Nothing more is wanted than an exact repeat of the data below.

Source data |
==========

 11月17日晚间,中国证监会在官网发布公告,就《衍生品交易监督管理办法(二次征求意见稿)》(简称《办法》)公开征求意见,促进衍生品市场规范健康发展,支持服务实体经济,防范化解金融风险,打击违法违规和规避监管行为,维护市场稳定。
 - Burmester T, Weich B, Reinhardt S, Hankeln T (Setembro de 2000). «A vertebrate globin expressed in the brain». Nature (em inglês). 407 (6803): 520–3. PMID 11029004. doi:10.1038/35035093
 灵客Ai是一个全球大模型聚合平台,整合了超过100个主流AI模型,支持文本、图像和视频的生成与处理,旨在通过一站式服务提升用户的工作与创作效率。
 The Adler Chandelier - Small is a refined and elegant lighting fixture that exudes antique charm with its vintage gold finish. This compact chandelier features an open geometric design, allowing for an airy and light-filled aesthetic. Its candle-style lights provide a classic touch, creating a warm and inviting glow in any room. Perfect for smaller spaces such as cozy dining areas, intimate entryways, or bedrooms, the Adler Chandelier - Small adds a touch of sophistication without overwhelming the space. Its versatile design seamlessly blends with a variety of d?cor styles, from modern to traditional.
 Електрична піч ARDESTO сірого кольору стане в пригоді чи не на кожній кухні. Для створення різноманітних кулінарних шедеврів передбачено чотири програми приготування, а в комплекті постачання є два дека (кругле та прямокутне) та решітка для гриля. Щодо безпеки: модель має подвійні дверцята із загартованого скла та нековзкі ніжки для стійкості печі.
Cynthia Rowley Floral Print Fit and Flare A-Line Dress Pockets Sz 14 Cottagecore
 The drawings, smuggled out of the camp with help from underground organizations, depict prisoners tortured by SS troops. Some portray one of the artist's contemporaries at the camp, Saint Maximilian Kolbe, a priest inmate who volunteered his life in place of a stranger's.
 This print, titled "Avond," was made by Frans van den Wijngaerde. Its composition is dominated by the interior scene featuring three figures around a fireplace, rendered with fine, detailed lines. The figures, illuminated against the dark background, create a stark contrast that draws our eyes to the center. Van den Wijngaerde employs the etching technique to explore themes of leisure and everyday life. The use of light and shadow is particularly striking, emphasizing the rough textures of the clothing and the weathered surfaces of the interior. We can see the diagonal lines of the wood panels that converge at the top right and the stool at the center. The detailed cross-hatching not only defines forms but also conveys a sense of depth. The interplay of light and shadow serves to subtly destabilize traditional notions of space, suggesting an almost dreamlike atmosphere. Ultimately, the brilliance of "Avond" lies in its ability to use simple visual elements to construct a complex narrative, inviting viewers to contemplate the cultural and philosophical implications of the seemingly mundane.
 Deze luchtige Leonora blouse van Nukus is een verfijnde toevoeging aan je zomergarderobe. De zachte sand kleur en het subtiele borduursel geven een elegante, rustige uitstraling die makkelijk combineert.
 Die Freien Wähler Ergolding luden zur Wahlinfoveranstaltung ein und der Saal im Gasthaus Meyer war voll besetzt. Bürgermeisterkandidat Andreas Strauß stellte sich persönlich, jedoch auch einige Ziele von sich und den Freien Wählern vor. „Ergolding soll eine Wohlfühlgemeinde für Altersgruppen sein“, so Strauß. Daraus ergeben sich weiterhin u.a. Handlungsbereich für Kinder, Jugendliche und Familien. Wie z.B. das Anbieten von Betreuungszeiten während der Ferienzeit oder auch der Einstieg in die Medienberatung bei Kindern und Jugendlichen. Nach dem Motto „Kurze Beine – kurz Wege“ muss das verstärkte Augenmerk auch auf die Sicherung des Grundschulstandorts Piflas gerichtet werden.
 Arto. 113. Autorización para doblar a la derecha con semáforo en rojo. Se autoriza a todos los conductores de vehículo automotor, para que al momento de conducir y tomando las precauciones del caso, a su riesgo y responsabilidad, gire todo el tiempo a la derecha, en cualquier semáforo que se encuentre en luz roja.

==========

Task solution |
 11月17日晚间,中国证监会在官网发布公告,就《衍生品交易监督管理办法(二次征求意见稿)》(简称《办法》)公开征求意见,促进衍生品市场规范健康发展,支持服务实体经济,防范化解金融风险,打击违法违规和规避监管行为,维护市场稳定。
 - Burmester T, Weich B, Reinhardt S, Hankeln T (Setembro de 2000). «A vertebrate globin expressed in the brain». Nature (em inglês). 407 (6803): 520–3. PMID 11029004. doi:10.1038/35035093
 灵客Ai是一个全球大模型聚合平台,整合了超过100个主流AI模型,支持文本、图像和视频的生成与处理,旨在通过一站式服务提升用户的工作与创作效率。
 The Adler Chandelier - Small is a refined and elegant lighting fixture that exudes antique charm with its vintage gold finish. This compact chandelier features an open geometric design, allowing for an airy and light-filled aesthetic. Its candle-style lights provide a classic touch, creating a warm and inviting glow in any room. Perfect for smaller spaces such as cozy dining areas, intimate entryways, or bedrooms, the Adler Chandelier - Small adds a touch of sophistication without overwhelming the space. Its versatile design seamlessly blends with a variety of d?cor styles, from modern to traditional.
 Електрична піч ARDESTO сірого кольору стане в пригоді чи не на кожній кухні. Для створення різноманітних кулінарних шедеврів передбачено чотири програми приготування, а в комплекті постачання є два дека (кругле та прямокутне) та решітка для гриля. Щодо безпеки: модель має подвійні дверцята із загартованого скла та нековзкі ніжки для стійкості печі.
Cynthia Rowley Floral Print Fit and Flare A-Line Dress Pockets Sz 14 Cottagecore
 The drawings, smuggled out of the camp with help from underground organizations, depict prisoners tortured by SS troops. Some portray one of the artist's contemporaries at the camp, Saint Maximilian Kolbe, a priest inmate who volunteered his life in place of a stranger's.
 This print, titled "Avond," was made by Frans van den Wijngaerde. Its composition is dominated by the interior scene featuring three figures around a fireplace, rendered with fine, detailed lines. The figures, illuminated against the dark background, create a stark contrast that draws our eyes to the center. Van den Wijngaerde employs the etching technique to explore themes of leisure and everyday life. The use of light and shadow is particularly striking, emphasizing the rough textures of the clothing and the weathered surfaces of the interior. We can see the diagonal lines of the wood panels that converge at the top right and the stool at the center. The detailed cross-hatching not only defines forms but also conveys a sense of depth. The interplay of light and shadow serves to subtly destabilize traditional notions of space, suggesting an almost dreamlike atmosphere. Ultimately, the brilliance of "Avond" lies in its ability to use simple visual elements to construct a complex narrative, inviting viewers to contemplate the cultural and philosophical implications of the seemingly mundane.
 Deze luchtige Leonora blouse van Nukus is een verfijnde toevoeging aan je zomergarderobe. De zachte sand kleur en het subtiele borduursel geven een elegante, rustige uitstraling die makkelijk combineert.
 Die Freien Wähler Ergolding luden zur Wahlinfoveranstaltung ein und der Saal im Gasthaus Meyer war voll besetzt. Bürgermeisterkandidat Andreas Strauß stellte sich persönlich, jedoch auch einige Ziele von sich und den Freien Wählern vor. „Ergolding soll eine Wohlfühlgemeinde für Altersgruppen sein“, so Strauß. Daraus ergeben sich weiterhin u.a. Handlungsbereich für Kinder, Jugendliche und Familien. Wie z.B. das Anbieten von Betreuungszeiten während der Ferienzeit oder auch der Einstieg in die Medienberatung bei Kindern und Jugendlichen. Nach dem Motto „Kurze Beine – kurz Wege“ muss das verstärkte Augenmerk auch auf die Sicherung des Grundschulstandorts Piflas gerichtet werden.
 Arto. 113. Autorización para doblar a la derecha con semáforo en rojo. Se autoriza a todos los conductores de vehículo automotor, para que al momento de conducir y tomando las precauciones del caso, a su riesgo y responsabilidad, gire todo el tiempo a la derecha, en cualquier semáforo que se encuentre en luz roja.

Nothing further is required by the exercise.